73:7.2 We cannot regard this disappearance of
the Garden as being in any way a result of the miscarriage of
the divine plans or as a result of the mistakes of Adam and Eve.
We do not regard the submergence of Eden as anything but a
natural occurrence, but it does seem to us that the sinking of
the Garden was timed to occur at just about the date of the
accumulation of the reserves of the violet race for undertaking
the work of rehabilitating the world peoples.

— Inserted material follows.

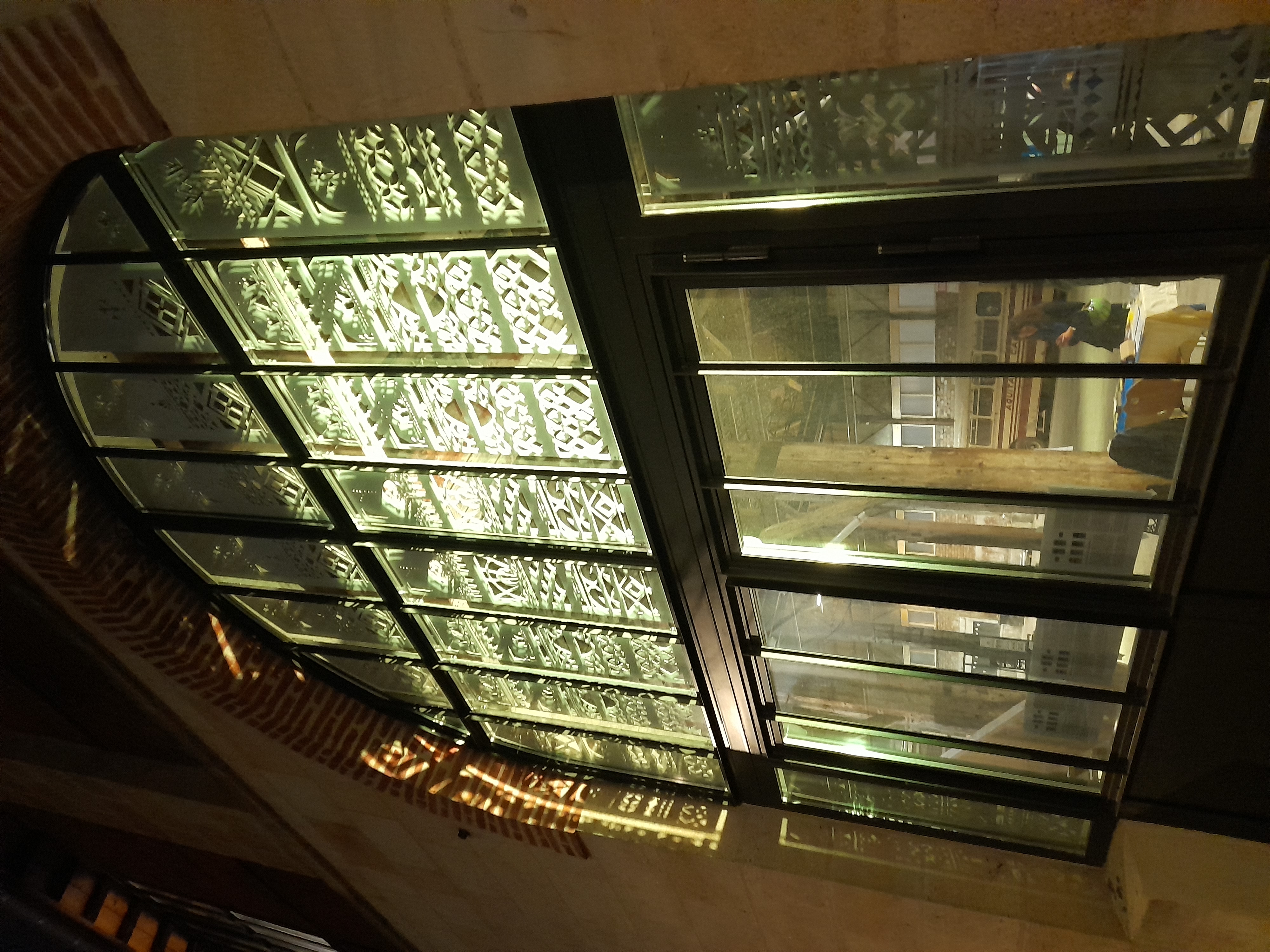 About the symbols. Viewers may focus on the central fragments, where each complete panel becomes its own story. The central arch is filled with an inner dynamism of repetitions, balanced by dominant static elements that create equilibrium between movement and protection.
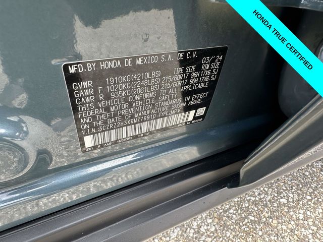 Certified. CARFAX One-Owner. Clean CARFAX. Nordic Forest Pearl 2024 Honda HR-V LX 4D Sport Utility AWD AWD CVT 2.0L I4 DOHC 16V i-VTEC **HONDATRUE CERTIFIED**, **7 YEAR/100,000 MILE HONDATRUE CERTIFIED**, **APPLE CARPLAY/ANDRIOD AUTO**, **AWD**, **BLUETOOTH**, **BACKUP CAMERA**, **COLLISION MITIGATION SYSTEM**, **BALANCE OF FACTORY WARRANTY**, **CLEAN CARFAX**, Appearance Package, Adaptive Cruise Control: Adaptive Cruise Control (ACC) with Low-Speed Follow, Alloy wheels, Apple CarPlay/Android Auto, Brake assist, Electronic Stability Control, Exterior Parking Camera Rear, Wheels: 17" Silver Painted Alloy.

73:7.3 The Melchizedeks counseled Adam not to
initiate the program of racial uplift and blending until his own
family had numbered one-half million. It was never intended that
the Garden should be the permanent home of the Adamites. They
were to become emissaries of a new life to all the world; they
were to mobilize for unselfish bestowal upon the needy races of
earth.
73:7.4 The instructions given Adam by the
Melchizedeks implied that he was to establish racial,
continental, and divisional headquarters to be in the charge of
his immediate sons and daughters, while he and Eve were to
divide their time between these various world capitals as
advisers and co-ordinators of the world-wide ministry of
biologic uplift, intellectual advancement, and moral
rehabilitation.
73:7.5
Presented by Solonia, the seraphic "voice in the Garden."